Saved data entries:
++++++++++
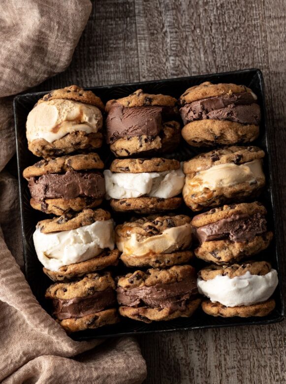 Ice cream sandwiches come in all shapes, from rectangular to round to square, and sizes, including mini, regular, and super size. Classic ice cream sandwiches are made with ice cream and two chocolate wafers. Modern versions may have frozen custard, gelato, and soft serve sandwiched between any kind of cookies.
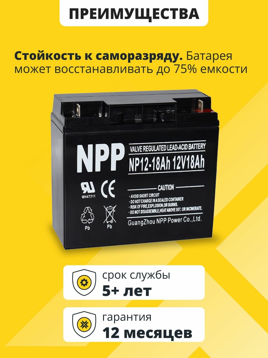 Купить Аккумулятор для ибп 12v 18 Ah NPP AGM M5/T3 акб котла, весов, компьютера 181x77x167 мм
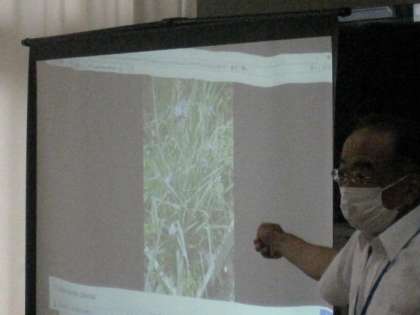 「ムラサキツユクサが一番、調べるのに適しています。たんぼ道に咲いています。見たことはありますか?」との先生の問いに、児童は「登下校の道は、アスファルトばかりだから・・・・」
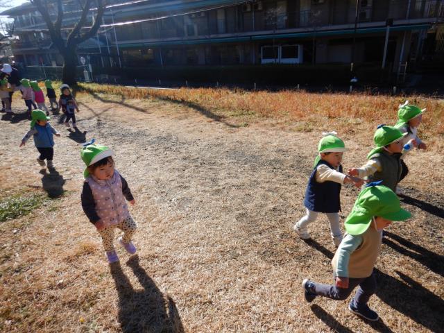 北風が冷たかったですが、子ども達は元気いっぱいです!!あひる組は、道路沿いにある原っぱへお散歩に行きました。
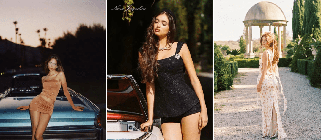Nana Jacqueline由两位华人设计师Nana和 Jacqueline,在美国洛杉矶联合创立。产品主要品类包括服装、饰品、鞋履。与其他“辣妹装”不同,Nana Jacqueline主打均价2000~3000元的轻奢轻礼服,同时融入辣妹装元素,这让品牌个性更加出挑,可炸街、能hold红毯等各种社交场合,因此受到越来越多国内外明星及时尚博主的青睐。
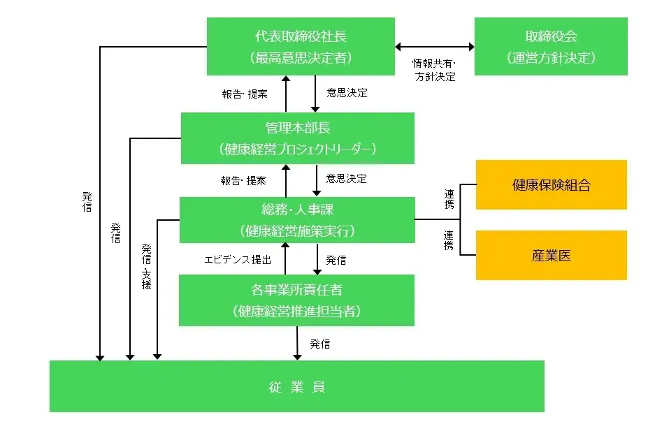 代表取締役社長を健康経営責任者とする健康経営組織体制を構築し、総務・人事課と健康保険組合・産業医が連携を図りながら、健康経営に関する方針・計画の策定や施策の検討を行い、従業員の健康保持増進を推進しています。
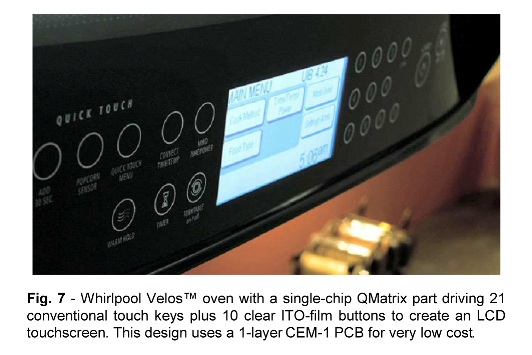 圖7:Whirlpool Velos 微波爐采用單芯片 QMatrix 來驅動 21 個傳統的觸摸按鍵,以及構成 LCD 觸摸屏的 10 個透明式 ITO 薄膜式按鍵。該設計采用了單層 CEM-1 PCB,成本很低。
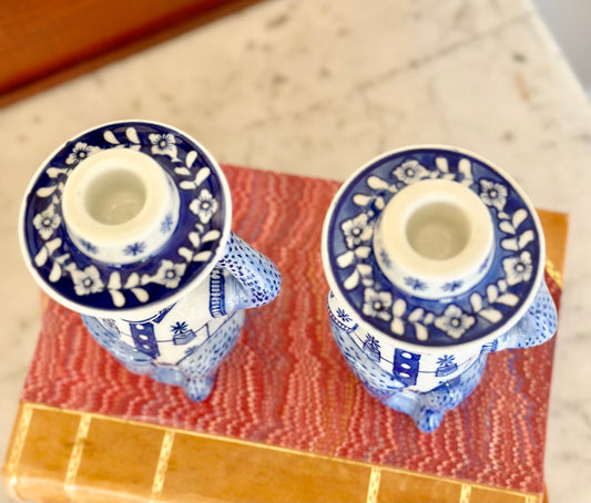 Vintage Blue and White Monkey Candlesticks (Set of 2)
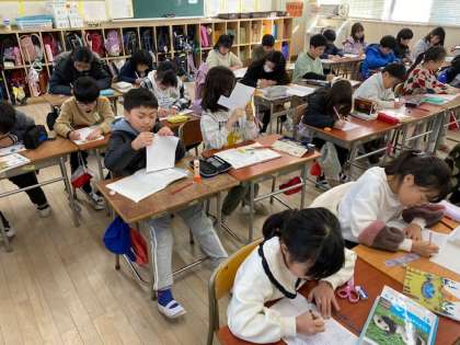 3年生の算数では『2けたのかけ算の筆算』から、今日は1けた増えて、『3けた×2けた』の筆算に取り組んでいました。
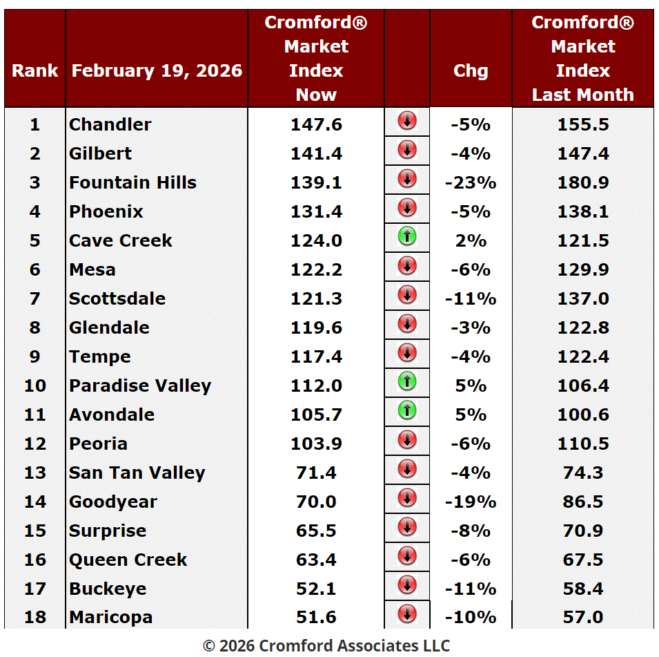 Avondale and Paradise Valley posted the strongest seller-friendly moves, each improving by 5 percent, while Cave Creek rose 2 percent. At the same time, Fountain Hills, Goodyear, Buckeye, Scottsdale, and Maricopa all saw double-digit percentage shifts in favor of buyers. Gilbert has joined Chandler at the top of the table despite posting a decline, largely because these centrally located cities face far less competition from new construction compared with outer areas such as Maricopa, Buckeye, Surprise, Queen Creek, Goodyear, and San Tan Valley, where supply pressures are heavier.
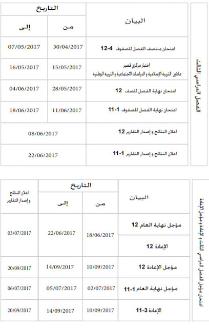 | مواعيد امتحان الفصل الثالث وامتحان المؤجل والإعادة ومؤجل الإعادة 2017 | ||
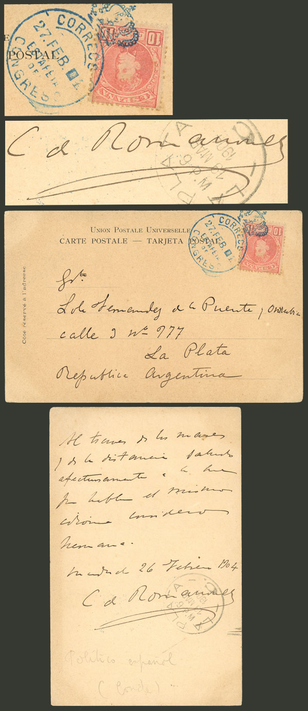 sent from Madrid to Argentina on 27/AP/1904 franked with 10c. and beautiful blue cancel of "Estafeta del Congreso"; it was sent by the COUNT OF ROMANONES (politician of the Liberal Party, poet, etc.), with his hand-written signature, excellent
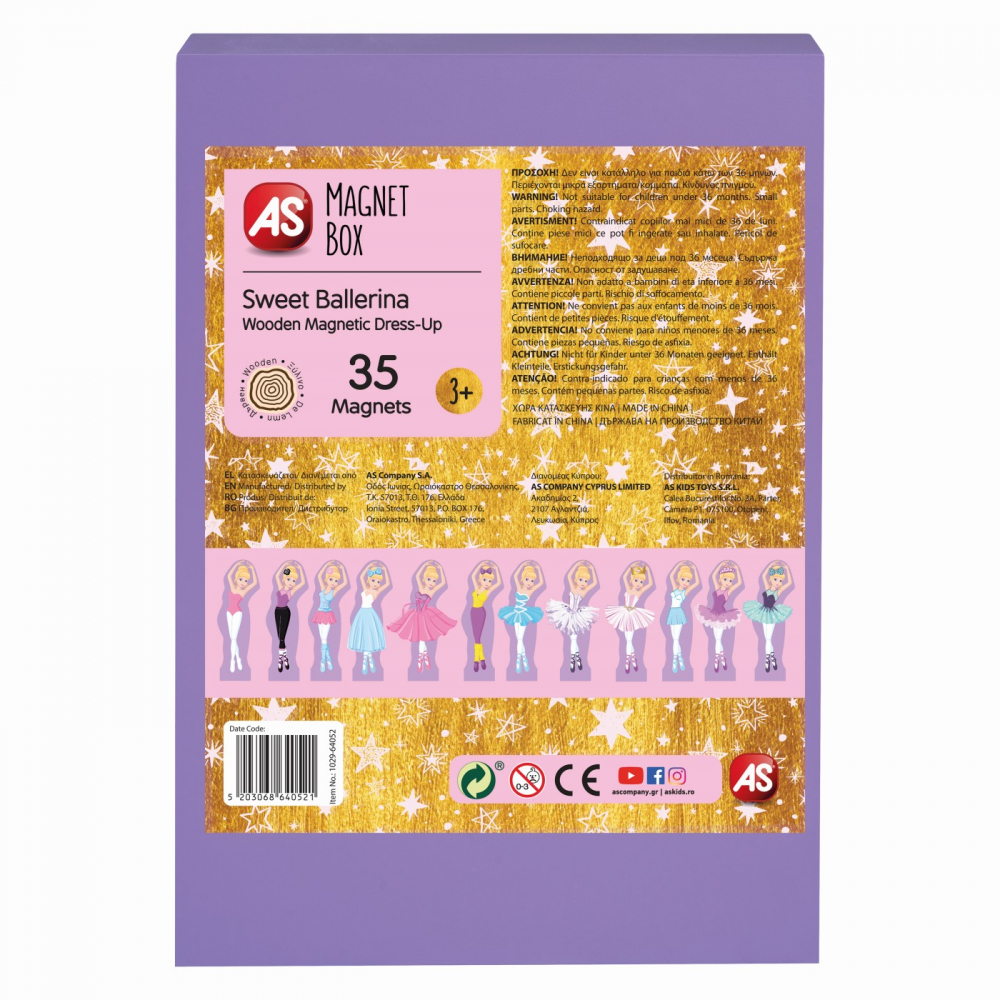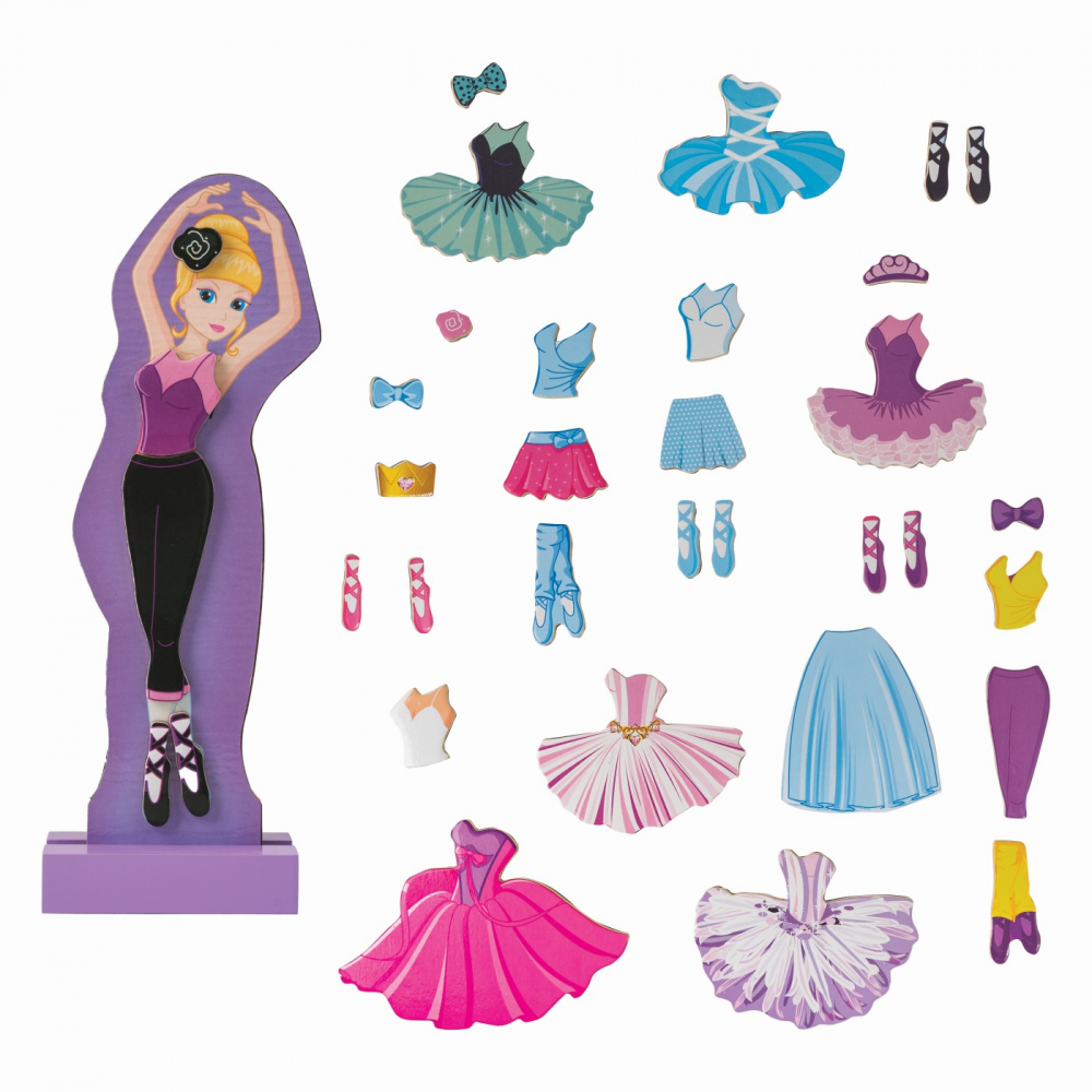 Setul include 1 papusa balerina magnetica din lemn, cu baza magnetica din lemn si 35 de magneti din lemn cu multe optiuni de rochii, puncte si accesorii pentru par pentru a o imbraca de cate ori doriti.
++++++++++
* **Directions**:
What you give back should match the entries above exactly, except that pictures are dropped.

* **Answer to the problem**:
 Ice cream sandwiches come in all shapes, from rectangular to round to square, and sizes, including mini, regular, and super size. Classic ice cream sandwiches are made with ice cream and two chocolate wafers. Modern versions may have frozen custard, gelato, and soft serve sandwiched between any kind of cookies.
 Купить Аккумулятор для ибп 12v 18 Ah NPP AGM M5/T3 акб котла, весов, компьютера 181x77x167 мм
 「ムラサキツユクサが一番、調べるのに適しています。たんぼ道に咲いています。見たことはありますか?」との先生の問いに、児童は「登下校の道は、アスファルトばかりだから・・・・」
 北風が冷たかったですが、子ども達は元気いっぱいです!!あひる組は、道路沿いにある原っぱへお散歩に行きました。
Nana Jacqueline由两位华人设计师Nana和 Jacqueline,在美国洛杉矶联合创立。产品主要品类包括服装、饰品、鞋履。与其他“辣妹装”不同,Nana Jacqueline主打均价2000~3000元的轻奢轻礼服,同时融入辣妹装元素,这让品牌个性更加出挑,可炸街、能hold红毯等各种社交场合,因此受到越来越多国内外明星及时尚博主的青睐。
 代表取締役社長を健康経営責任者とする健康経営組織体制を構築し、総務・人事課と健康保険組合・産業医が連携を図りながら、健康経営に関する方針・計画の策定や施策の検討を行い、従業員の健康保持増進を推進しています。
 圖7:Whirlpool Velos 微波爐采用單芯片 QMatrix 來驅動 21 個傳統的觸摸按鍵,以及構成 LCD 觸摸屏的 10 個透明式 ITO 薄膜式按鍵。該設計采用了單層 CEM-1 PCB,成本很低。
 Vintage Blue and White Monkey Candlesticks (Set of 2)
 3年生の算数では『2けたのかけ算の筆算』から、今日は1けた増えて、『3けた×2けた』の筆算に取り組んでいました。
 Avondale and Paradise Valley posted the strongest seller-friendly moves, each improving by 5 percent, while Cave Creek rose 2 percent. At the same time, Fountain Hills, Goodyear, Buckeye, Scottsdale, and Maricopa all saw double-digit percentage shifts in favor of buyers. Gilbert has joined Chandler at the top of the table despite posting a decline, largely because these centrally located cities face far less competition from new construction compared with outer areas such as Maricopa, Buckeye, Surprise, Queen Creek, Goodyear, and San Tan Valley, where supply pressures are heavier.
 | مواعيد امتحان الفصل الثالث وامتحان المؤجل والإعادة ومؤجل الإعادة 2017 | ||
 sent from Madrid to Argentina on 27/AP/1904 franked with 10c. and beautiful blue cancel of "Estafeta del Congreso"; it was sent by the COUNT OF ROMANONES (politician of the Liberal Party, poet, etc.), with his hand-written signature, excellent
 Setul include 1 papusa balerina magnetica din lemn, cu baza magnetica din lemn si 35 de magneti din lemn cu multe optiuni de rochii, puncte si accesorii pentru par pentru a o imbraca de cate ori doriti.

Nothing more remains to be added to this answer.